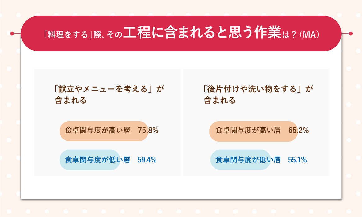 そのほかに、「後片付けや洗い物をする」は含まれると回答した割合は、食卓関与度が高い層は65.2%、低い層は55.1%となり、食卓関与度は、料理工程に対する意識についても影響していることがわかる結果となりました。
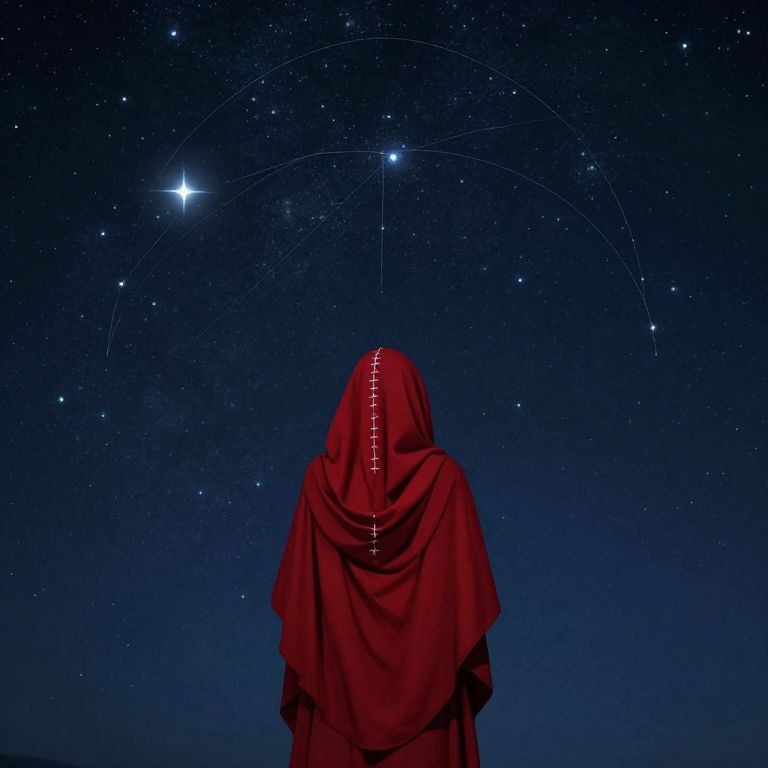 Mysterious figure in red hooded cloak gazes at starry night sky with constellations, digital art, deep blue background.
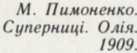 мочать, складаючи коношію на дно мілкої річкн чи ставу та вкриваючи її мулом. Коли конопля досить вимокла, її виймають з води, знову сушать, потім труть на терниці, а потім тіпають, міцно вдаряючи нею об ту саму терницю, а після того те мнуть її ногами. Позбавившись таким способом цілком од кострики, зв'язують прядиво в мички та, насадивши його на прядку, спершу чешуть, а потім прядуть з нього нитки. Колишню прядку, що складалася з dwut^a, в яке вставлений гребінь, вже починають заступати майже всюди західньоевропейські самопрядки: шодо архаїчних веретен з кам'яною пряслицею, то вони зовсім уже заникли, хоч де-не-де, особливо у гуцулів, утримались те веретена з нерухомим, а то те й з рухомим дерев'яним кружком біля нижнього кінця. А сучасні веретена всі точені, з ступневим стовшенням донизу. Про прядки, оздоблені, розмальовані та різьблені, на Україні немає й згадки.
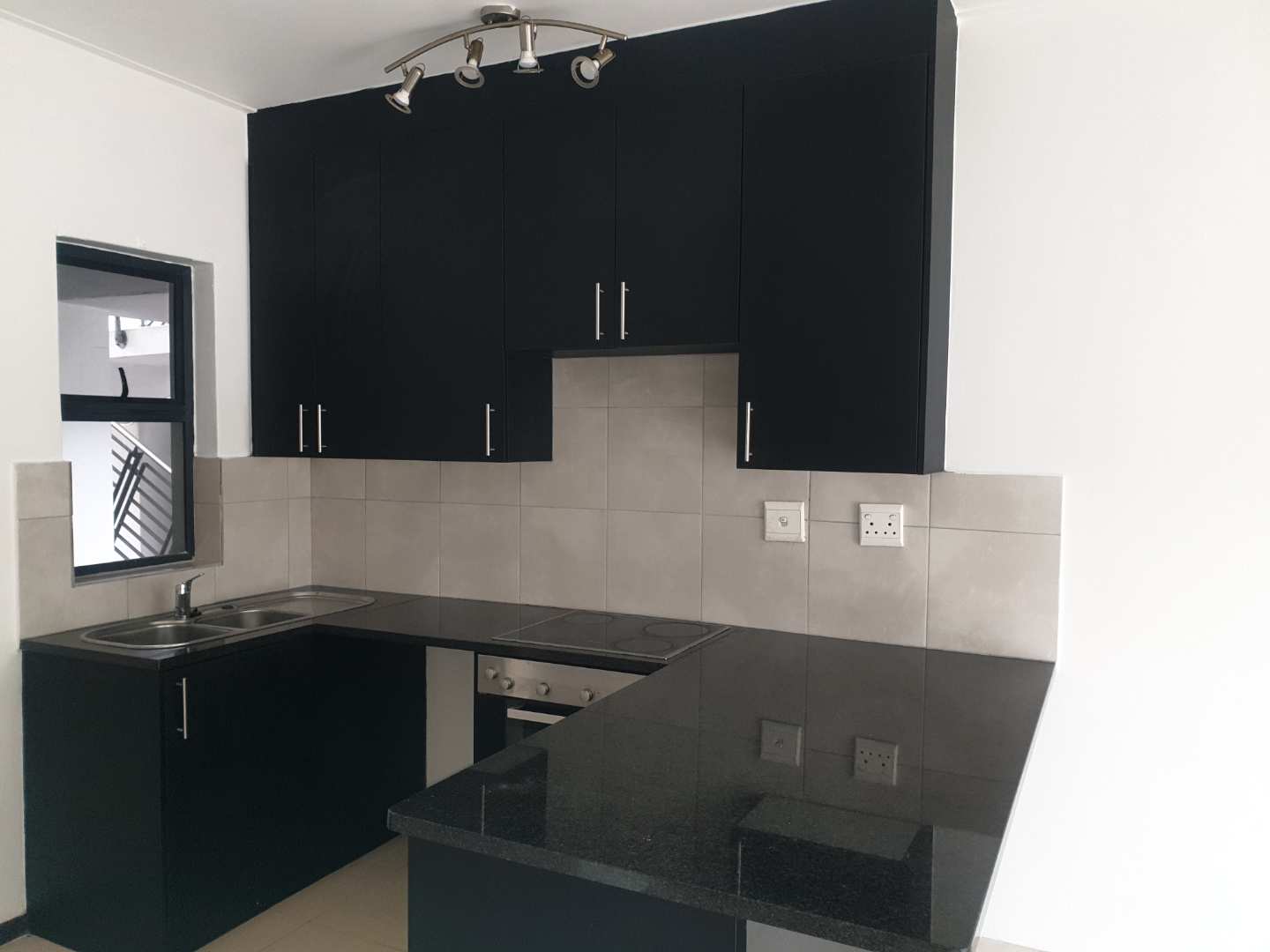 One spacious bedroom with built-in cupboards, tiled floors, and aluminium framed windows. One bathroom with a full bath, glass door and shower head over the bath for quick splash and cool moments. The vanity cabinet is modern and tasteful, providing space for toiletries.
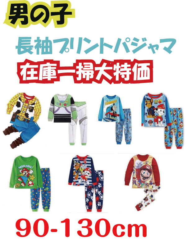 男の子 長袖パジャマ 在庫一掃大特価 ¥1,000 パウパトロール スパイダーマン カーズetc 90cm-130cm 綿100% 即日発送!
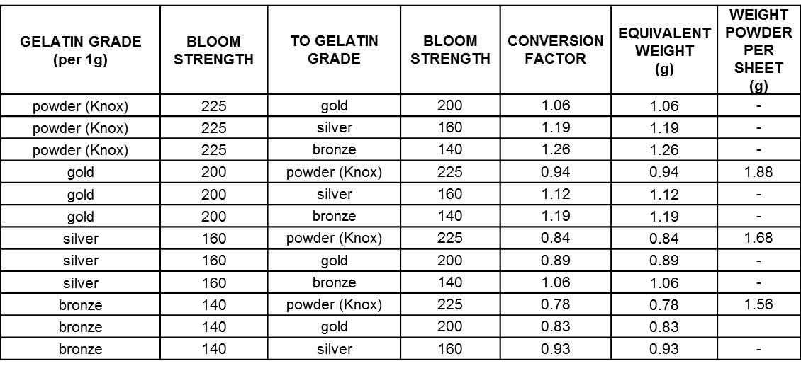 Chuyển đổi giữa chúng không chỉ dựa trên trọng lượng mà còn phụ thuộc vào độ nở (Bloom) của gelatin. Chẳng hạn, 1 gói gelatin dạng bột 7g tương đương với 3 lá gelatin bạc. Đối với gelatin Knox với độ nở cao hơn, bạn cũng sẽ cần điều chỉnh liều lượng cho phù hợp.
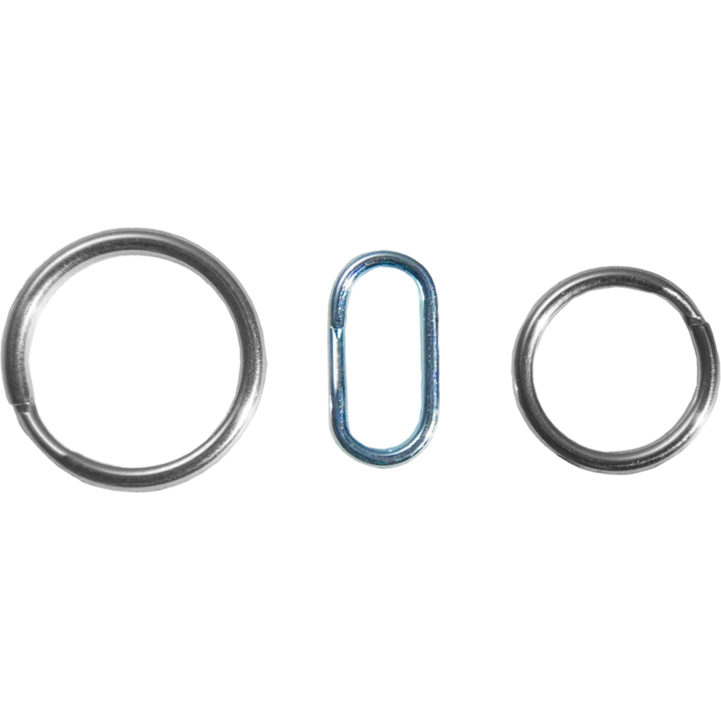 Never fall short when attaching your favorite keychain gear with this essential assortment of 24 split rings. Includes eight each of three different sizes, including the unique oval style. This set pairs well with our UFO titanium organizer. These are high quality USA manufactured split rings, don't settle for cheap alternatives! Split Ring Kit Features: Split rings made from stainless steel & zinc-plated magnesium alloy 24 split rings allow for full customization of keys Comes with unique oval style split ring What you get: Size 7 stainless steel split rings, fine: .430" [10.92mm] OD Size 9 stainless steel split rings, fine: .542" [13.77mm] OD Size 8 zinc-plated magnesium alloy, oval: .472" [12mm] x .236" [6mm] Packaged in a convenient snap-lid storage container
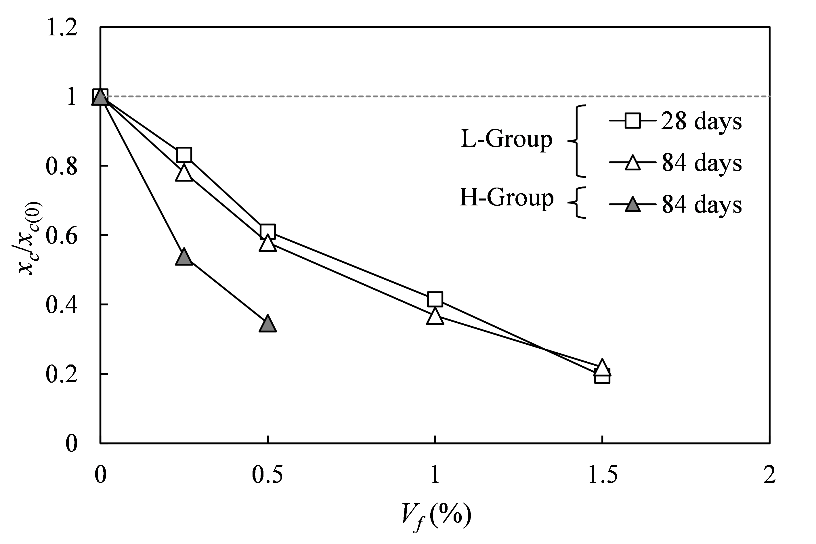 2) 마이크로 강섬유의 혼입은 LWAC의 탄산화 깊이($x_{c}$)를 감소시키는데, 이 감소율은 콘크리트 압축강도($f_{cu}$)가 증가할수록
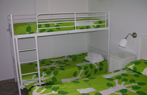 Semi-detached villa with fine finishes, consisting of living room with open kitchen, 2 bathrooms, 1 master bedroom, 1 bedroom with 4 beds (1 double bed + 1 bunk bed), 1 study room with 2 beds, garden equipped with table, barbecue, shower and sink. It is a semi-detached house and is spread over three levels: basement, raised ground floor and first floor.
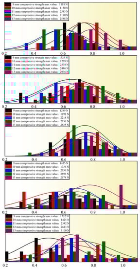 To investigate the influences of pellet diameter on compressive strength, the bentonite addition amount was regulated at 0.8wt%, 1.0wt%, 1.2wt%, 1.4wt%, and 1.6wt%, and the calcination temperature was 1250 °C. The experiments were carried out in 25 groups, with 20 pellets for each group. Pellets with diameters ranging from 9 mm to 13 mm were used for the compressive strength test. Figure 9 depicts the experimental findings. For 25 groups of experimental data, the normality test and linear analysis were performed. Figure 10 illustrates the analysis results. The compressive strength of the pellets does not vary much within a diameter range of 9–10 mm. It shows a growing tendency with the rise of the pellet diameter within the diameter of 10–13 mm, and the range exceeds 1000 N. This demonstrates that pellet diameter has a significant influence on pellet compressive strength. However, if the pellet diameter is too large, the unit heat consumption will be excessive, the oxidation will be insufficient, and the roasting and chilling time will be extended. As a result, the ideal pellet diameter is around 13 mm.
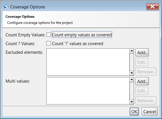 Use this to create a comma-separated list of values which will count coverage for the specified values. Format elementname@namespace. An example could be if you have a weekday element you could enter day@http://example.com=mon,tue,wed,thu,fri,sat,sun and coverage will be calculated for the complete set of values.

══════════

Look at the listing and set down only the lines from its start through the line with "Mysterious figure in", word for word and without pictures.

 そのほかに、「後片付けや洗い物をする」は含まれると回答した割合は、食卓関与度が高い層は65.2%、低い層は55.1%となり、食卓関与度は、料理工程に対する意識についても影響していることがわかる結果となりました。
 Mysterious figure in red hooded cloak gazes at starry night sky with constellations, digital art, deep blue background.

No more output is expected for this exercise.